Matthew Healy is involved in "proprietary" biomedical research (probably
biological weapons, if you ask me, but for now it appears he's on our
side, so we're cool). He stumbled across the main hypergeometric distribution
probability calculator here at nerdbucket.com, and wanted to share some tips
and tricks for real-world use. His application of the hypergeometric
distribution is to determine if statistical results are significant, via the
Fisher Exact Test:
Curious where the hypergeometric distribution is used in the real
(non-gambling) world? Of course you are! You're a nerd! Knowledge of obscure
things is your calling!
Well, the
Fisher
Exact Test is a way of basically determining if some results that were
measure are likely to be random chance, or if there's really some significance
to the data. Its best use is when the data has a small sample size, which
is apparently common in medical research. Matthew sums it up nicely:
Out of N1 patients given drug A, M1 get better (and N1 - M1 don't)

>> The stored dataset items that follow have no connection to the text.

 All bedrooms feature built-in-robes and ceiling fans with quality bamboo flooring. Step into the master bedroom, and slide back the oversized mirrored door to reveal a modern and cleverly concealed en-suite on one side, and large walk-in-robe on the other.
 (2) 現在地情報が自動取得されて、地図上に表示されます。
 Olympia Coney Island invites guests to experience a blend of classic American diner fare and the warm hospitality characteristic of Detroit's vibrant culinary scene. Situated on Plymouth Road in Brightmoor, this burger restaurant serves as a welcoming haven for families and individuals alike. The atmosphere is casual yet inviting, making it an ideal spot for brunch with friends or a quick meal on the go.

Out of N2 patients given drug B, M2 get better (and N2 - M2 don't)
From these data can we conclude there is a significant difference between these drugs?
I won't try to explain the formula, as I don't fully understand it myself.
But sufficed to say, it's very important in all kinds of medical research
situations, even those that don't involve biological weapons.
The important thing here isn't so much the Fisher Exact test, and not really
even the real-world use of hypergeometric distributions, as the fact that Mr.
Healy gave me a piece of his code and agreed to let me put it up on my site:
InteractiveHypergeometricCalculator.pl.
The code may be hard to read if you don't know what's going on, but the most
interesting function is pretty simple:
sub LnFactorial {
my $n = shift;
return $cache[$n] if defined $cache[$n];
return undef if $n < 0;
for (my $i = scalar(@cache); $i <= $n; $i++) {
$cache[$i] = $cache[$i-1] + log($i);
}
return $cache[$n];
}
I've made a few minor formatting changes, but for all intents and purposes,
the code is the same as he sent it to me. There are a couple things I really
liked about his approach here.
First, he built this LnFactorial function to compute huge factorial
values in a "compressed" form. By storing the natural log of each value, he
is able to use addition instead of multiplication, and can make use of
relatively small floating-point numbers -
which modern CPUs can deal with
very effeciently - instead of the typical approach for factorials of doing
multiplication on extremely large integers -
something that modern CPUs
don't inherently support.
The trick is that the natural logarithm of any number returns a value such
that
E to the
power of that value will return the original number. Once you're dealing with
exponents, you can add them together to simulate multiplication or subtract
them to simulate division - once you raise E to the power of the the new
value, it's as if you'd multiplied or divided the original values, only it's
much more CPU-friendly. Here's a simplistic example:
Method 1 - normal math:
25 * 48 = 1200
Method 2 - logarithmic method:
exp(ln(25) + ln(48)) =>
exp(3.21888 + 3.87120) =>
exp(7.09008) = 1200.00380
Clearly there's a bit of error if you round the values too much, but on a
computer, where a lot of precision is kept, this isn't a large enough issue to
be concerned with. Additionally, when you're looking at the factorial of a
large number like 10,000, the CPU savings are incredible. When your language of
choice is Perl, but you really need speedy computations of this nature, using
the logarithmic method is not just clever or "cool", but absolutely necessary.
The
second thing Healy did in a clever way was his memoization. If
you're anything at all of a programmer, you know about memoization. But in a
typical situation, a memoization system just memoizes values one at a time.
For Perl's Memoize module, this is the case - you call a function with the
input of X, and it will know that every time you call with X, the result is
pre-computed. But what if in computing X, you've also computed the result for
X-1, X-2, etc? In the case of factorials, this is obviously what happens.
The obvious solution is to use recursion. If calling factorial(x) internally
calls factorial(x-1), you get free memoization! But recursion has a huge
price tag associated with it. On large values of x, recursion will simply
crash due to lack of stack space. Even if it doesn't crash, the overhead of
calling a function isn't trivial - hundreds of thousands of function calls
within CPU-sensitive code will kill performance.
So while Matthew's "roll your own" memoization solution isn't likely to win
any major awards, I think it shows he was thinking about the problem instead
of just grabbing up the first pre-made solution available. Today, we're jaded
when it comes to programming - we know that if we have a problem, somebody has
likely solved it before us, and we can probably just find a library to do what
we need. But if we don't pay attention, we could use a really great library
in just the wrong situation, saving us time writing code, but hurting our
applications in other, unexpected ways.